Duran Adam in Turkey

by Bob Schwartz

Duran Adam
He is “duran adam”—the standing man. On Monday, Erdem Gunduz stood still for hours in Istanbul’s Taksim Square, staring at a public portrait of Kemal Ataturk, to protest the latest ban on demonstrations. Others joined him, as the image went national and then global. Police moved in: he was able to walk away and escape arrest, others didn’t.

As pointed out in a previous post, we should pay attention to Turkey because it is so special and so different than our preconceptions of what the world is and how it works. It is certainly a democracy today, but has not always been, and not quite what we think of as a democracy. It is certainly a Muslim country, but has not always been, and not quite what we think of as a Muslim country.

Whether Prime Minister Erdogan has been too long in office, whether he is taking Turkey in directions that defy many citizens and the ideals of Ataturk, whether he is truly a democrat, are things to be determined.
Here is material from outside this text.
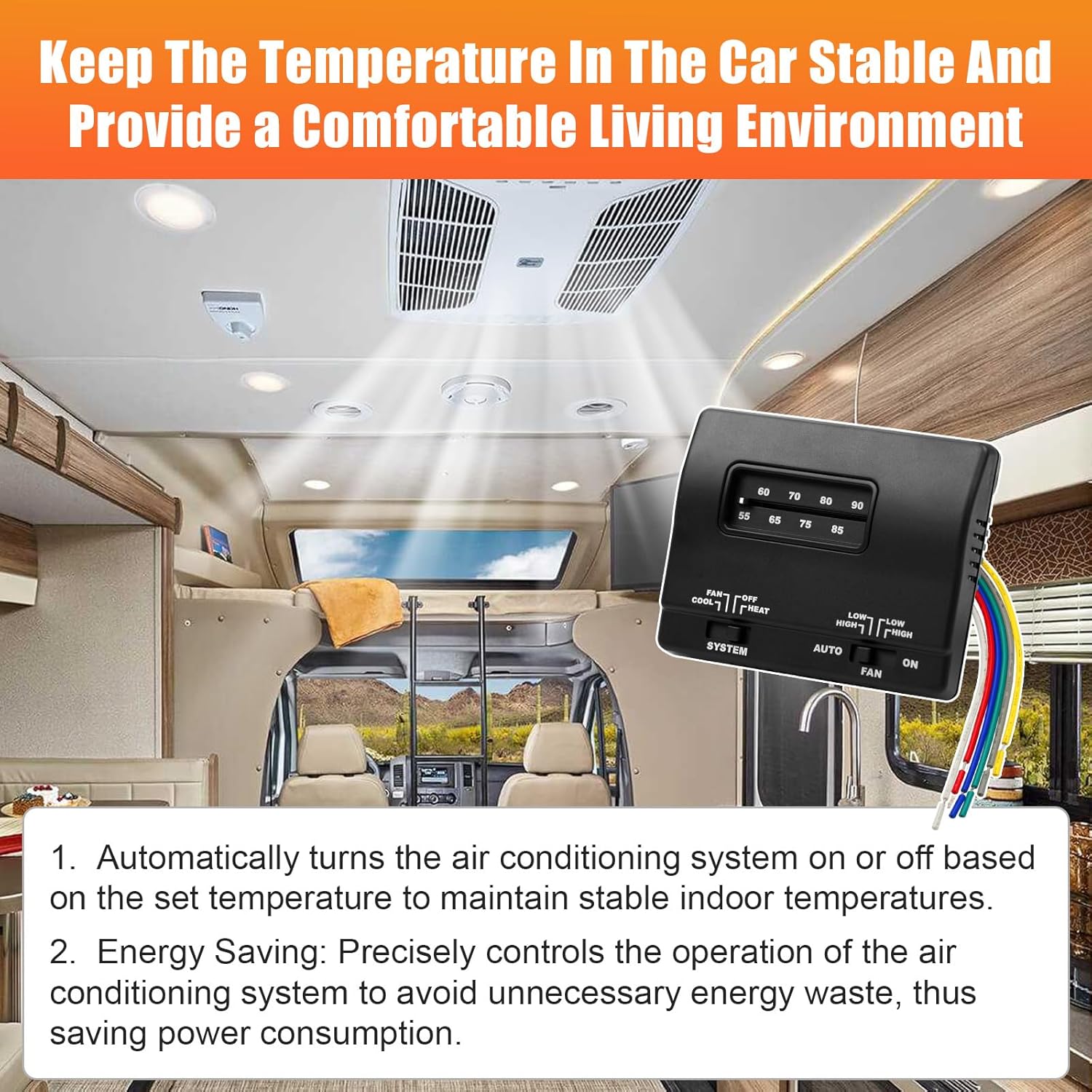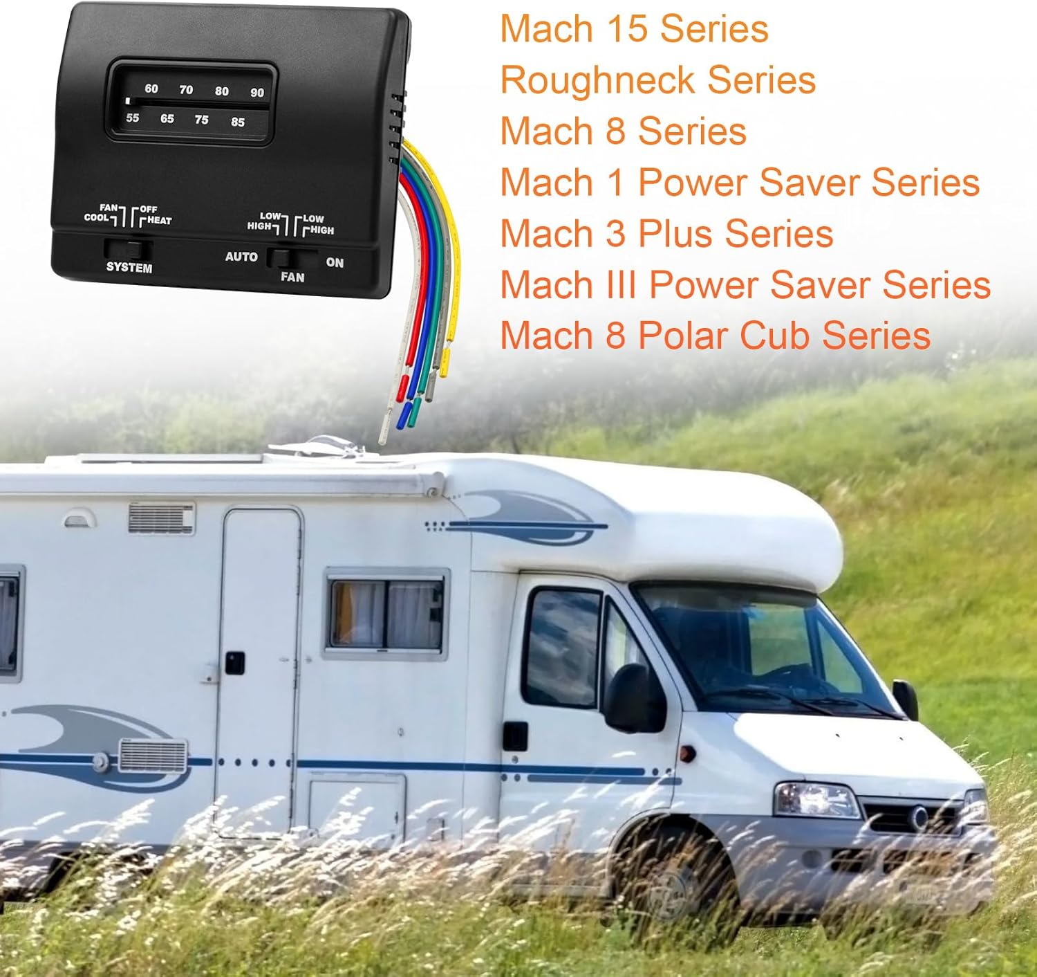 The Ihoumex RV Thermostat 7330F3852 is specifically designed for seamless integration with Coleman Mach RV air conditioners, ensuring perfect compatibility for a wide range of models. This thermostat provides precise 12V temperature control for both cooling and heating functions, including AC and heat strips, making it an ideal choice for maintaining comfort in your RV all year round.

It is clear that he has crossed the line between firm response and heavy-handed overreach. It is clear that he is facing the quandary of all reformers, real or putative: your practice of reform is never the only game in town, and others have very different ideas. Most of all, Erdogan, like many leaders, seems to have no idea what he is dealing with, so he is under the impression that power is always the trump card.
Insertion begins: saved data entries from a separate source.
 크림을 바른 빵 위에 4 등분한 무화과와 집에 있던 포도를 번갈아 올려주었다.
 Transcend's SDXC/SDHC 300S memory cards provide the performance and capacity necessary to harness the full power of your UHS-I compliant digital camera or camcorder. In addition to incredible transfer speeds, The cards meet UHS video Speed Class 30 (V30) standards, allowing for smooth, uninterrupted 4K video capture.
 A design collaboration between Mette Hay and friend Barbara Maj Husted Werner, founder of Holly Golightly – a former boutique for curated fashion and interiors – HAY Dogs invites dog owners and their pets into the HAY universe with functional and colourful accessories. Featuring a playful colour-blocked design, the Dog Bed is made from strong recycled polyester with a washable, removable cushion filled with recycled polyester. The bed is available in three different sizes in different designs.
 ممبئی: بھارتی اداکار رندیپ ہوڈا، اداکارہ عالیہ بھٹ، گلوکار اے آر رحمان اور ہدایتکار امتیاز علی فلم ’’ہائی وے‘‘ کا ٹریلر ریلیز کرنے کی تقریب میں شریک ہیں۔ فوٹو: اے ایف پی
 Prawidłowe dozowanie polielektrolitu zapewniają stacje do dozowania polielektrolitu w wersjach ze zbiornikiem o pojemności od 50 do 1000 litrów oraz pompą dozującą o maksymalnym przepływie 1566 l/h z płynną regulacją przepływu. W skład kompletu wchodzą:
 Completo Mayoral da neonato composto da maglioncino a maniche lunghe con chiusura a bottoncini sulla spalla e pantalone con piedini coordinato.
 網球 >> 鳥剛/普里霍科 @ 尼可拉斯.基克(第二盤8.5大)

He is half right. Power is always the trump card, but it is hard to know exactly which kind of power you are talking about or having to deal with. Is one man standing a power? What about a thousand people, or a million? History tells us that you can jail the thousands and even kill the millions. But as long as there are witnesses, might still is forced to co-exist with right, even when might wins.

The difference between witnessing and watching is a fine line. As this spreads, we will see if the media have the courage to cover a bunch of people just standing still. The media seem to like their reality shows with a little more action. Fortunately, the people’s media, the social media, may have more tolerance and a longer attention span. If you look long enough, standing still starts looking like moving forward, and that gets people really excited. It is how for millennia, from Christian origins through Gandhi through the civil right movement and on and on, nothing seemed to turn into something—because it was always something.

It was a standing man, that would not be moved.